Convolution goes higher-order: a biologically inspired mechanism empowers image classification

We propose a novel approach to image classification inspired by complex nonlinear biological visual processing, whereby classical convolutional neural networks (CNNs) are equipped with learnable higher-order convolutions. Our model incorporates a Volterra-like expansion of the convolution operator, capturing multiplicative interactions akin to those observed in early and advanced stages of biological visual processing. We evaluated this approach on synthetic datasets by measuring sensitivity to testing higher-order correlations and performance in standard benchmarks (MNIST, FashionMNIST, CIFAR10, CIFAR100 and Imagenette). Our architecture outperforms traditional CNN baselines, and achieves optimal performance with expansions up to 3rd/4th order, aligning remarkably well with the distribution of pixel intensities in natural images. Through systematic perturbation analysis, we validate this alignment by isolating the contributions of specific image statistics to model performance, demonstrating how different orders of convolution process distinct aspects of visual information. Furthermore, Representational Similarity Analysis reveals distinct geometries across network layers, indicating qualitatively different modes of visual information processing. Our work bridges neuroscience and deep learning, offering a path towards more effective, biologically inspired computer vision models. It provides insights into visual information processing and lays the groundwork for neural networks that better capture complex visual patterns, particularly in resource-constrained scenarios.

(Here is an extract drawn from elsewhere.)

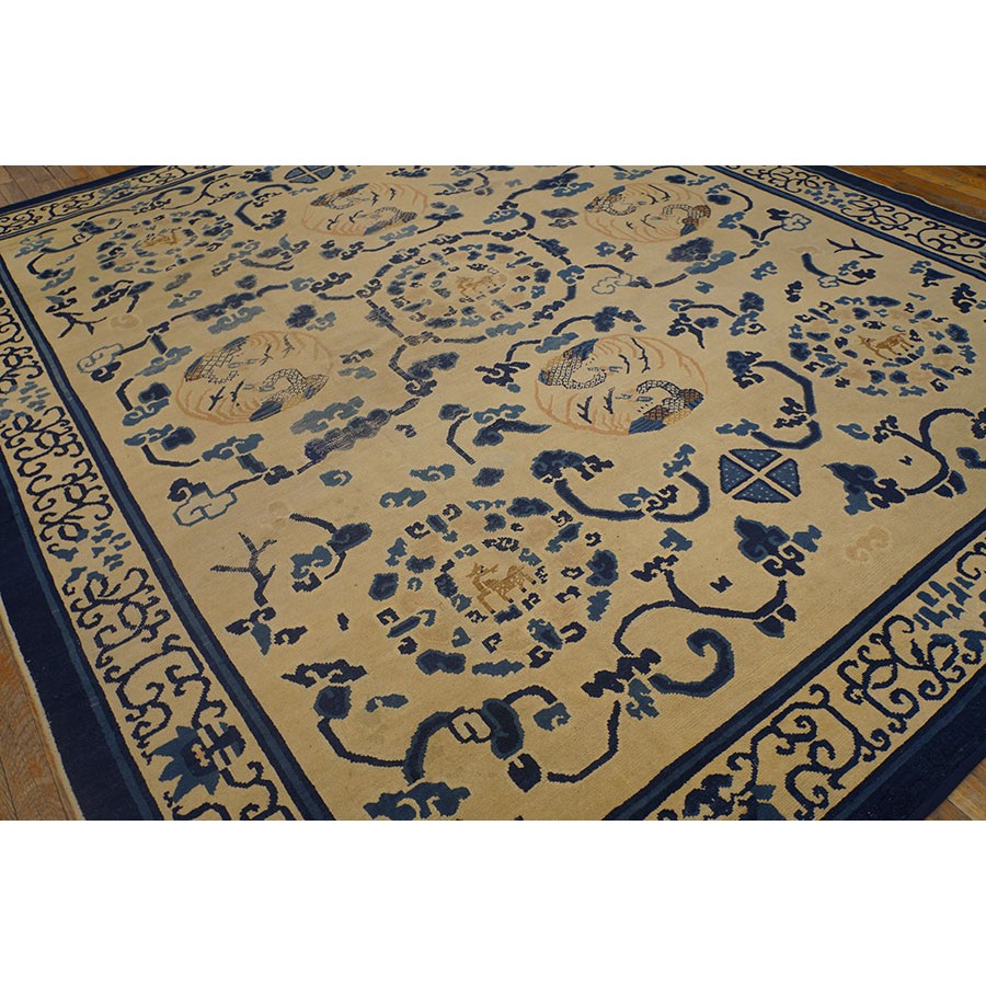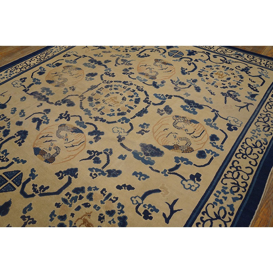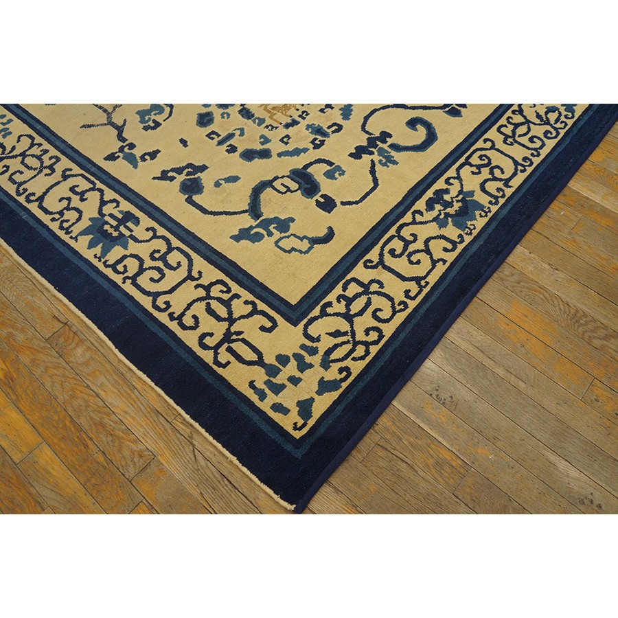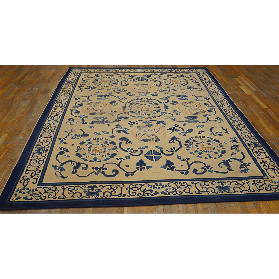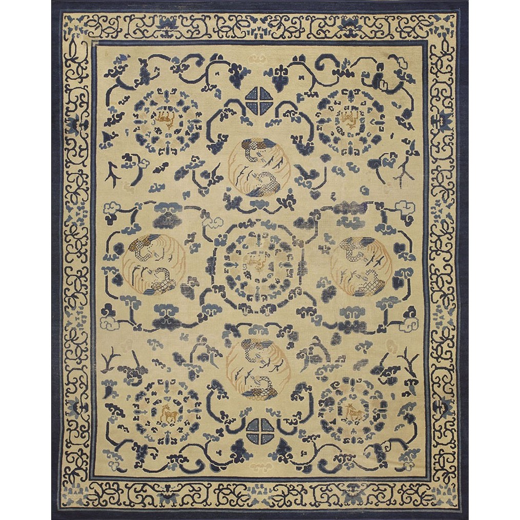 DescriptionChineseCarpets made in China proper. See entries Ningshia, Peking, Art Deco. Chinese - PekingThe commercial Peking carpet is a later 19th century development, begun by importing weaves from Ningshia (see entry) to create and export industry aimed at Western markets. The foundation is cotton and the pile is a good quality carpet wool which takes dyes particularly well. The neat medium weave is in Persian (asymmetric) knots. Designs are strictly Chinese and the whole motif repertoire of Chinese art is employed. Blue and white is the most popular color combination and red is particularly rare. Sizes tend to 9 x 12 and larger, and few small pieces appear. For a short time in the early 1920s Persian designs were woven to capitalize on the death of new Iranian goods. The industry decimated by the Communist Revolution relocated to the Pearl River area. There is a good supply of antique carpets at reasonable prices. | |

翻译：我们提出了一种受复杂非线性生物视觉处理启发的图像分类新方法，该方法为经典卷积神经网络（CNN）配备了可学习的高阶卷积。我们的模型采用了类Volterra展开的卷积算子，捕捉类似于生物视觉处理早期和高级阶段中观察到的乘法交互作用。我们通过在合成数据集上测量对测试高阶相关性的敏感性以及在标准基准测试（MNIST、FashionMNIST、CIFAR10、CIFAR100和Imagenette）中的性能来评估该方法。我们的架构优于传统CNN基线，并在高达三阶/四阶的展开时达到最佳性能，这与自然图像中像素强度的分布高度吻合。通过系统性的扰动分析，我们通过分离特定图像统计量对模型性能的贡献来验证这种一致性，展示了不同阶数的卷积如何处理视觉信息的不同方面。此外，表征相似性分析揭示了网络各层间不同的几何结构，表明存在性质不同的视觉信息处理模式。我们的工作架起了神经科学与深度学习之间的桥梁，为开发更高效、受生物学启发的计算机视觉模型提供了一条路径。它增进了对视觉信息处理的理解，并为构建能更好捕捉复杂视觉模式（尤其在资源受限场景下）的神经网络奠定了基础。